Rabe is particularly intrigued by the potential benefits from combining soil sensor and crop sensor information. “When you marry those pieces of information, it tells a more powerful story over time.”
“It has always been in the back of my mind to do interfacing of soil sensor information with, let’s say, a GreenSeeker from a nitrogen perspective,” Raymer notes. “Let’s say we know some properties of the soil, like organic matter and the water-textural relationship, that influence nitrogen, and the field has a sandy area where we know the vegetation level is going to be low. The GreenSeeker might say there is an opportunity to put more nitrogen there. But nitrogen may have a tendency to leach out of those sandy soils, and it could be a poor performing part of the field. So it wouldn’t make economic or environmental sense to apply extra nitrogen there. We could create a prescription to override the GreenSeeker in that part of the field, and tell it to just apply 10 gallons, or whatever rate. So we could get the strengths of both systems by bringing them together.”

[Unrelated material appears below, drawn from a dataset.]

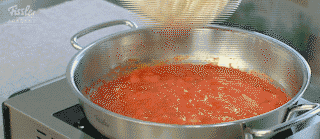 3.雅格炒锅内,倒入橄榄油,放入蒜片,出香后放入番茄丁煸炒,再放入打好的番茄汁,收汁
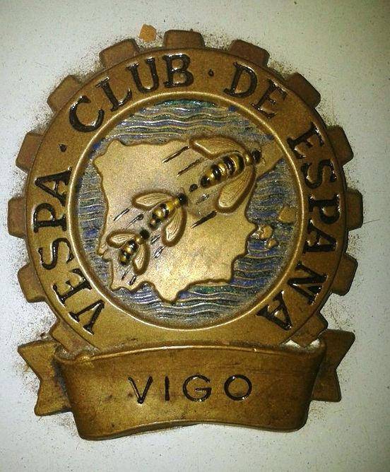 Chapa metálica del Vespa Club Vigo de los años 50 cortesía de la directiva del refundado Club. Al contrario que otros elementos recogidos en este archivo, la chapa carece del escudo de la ciudad (el castillo y el olivo) que si se puede apreciar en el banderín.

Adamchuk suggests a couple of possible approaches to using soil sensor maps. For instance, you could use regional research information on managing low productivity areas and high productivity areas, and then use the map to target the appropriate practices. He gives an example: “In Ontario, we know that a low elevation, high electrical conductivity soil might benefit from a higher seeding density. And on a low electrical conductivity or high elevation area, if the area has historically had lower yields, then a lower seeding rate will not affect the yield data but the farmer will save the cost of a few extra bags of seed.”
Another possibility would be to set up a small trial to see if variable management of an input on a particular management zone would make a difference. “You could manage the entire field the way you usually do, but then in those specific areas, you could apply a little less or a little more. If you have variable rate control equipment, then setting up research plots is relatively simple. It’s just a few minutes to draw a polygon on the screen, and then you would say for this area I want to lower the seeding rate, for example,” he explains. “Then, with your yield map at the end of the season, you could see whether or not you have a yield reduction on that area. And the rule of thumb is that, if you don’t see any difference, then for the next season you do what is cheaper. If you do see a difference, then you can calculate the costs and benefits and see what makes the most sense.”
Adamchuk adds, “With pH maps, using the information is very straightforward: you just don’t lime areas with neutral and alkaline soils.” That’s a real advantage compared to applying lime at uniform rate across a field, with some of the lime going on areas where it is not needed and either provides no benefit or is harmful. “If lime is applied on soil that is already slightly alkaline, you may end up with phosphorus and micronutrient deficiencies, which may create some additional problems in the long run.”
Rabe concludes, “It’s an exciting time for soils, and Ontario is pretty lucky to have a number of soil sensor options to look at and review, and to have the expertise of people like Viacheslav Adamchuk.”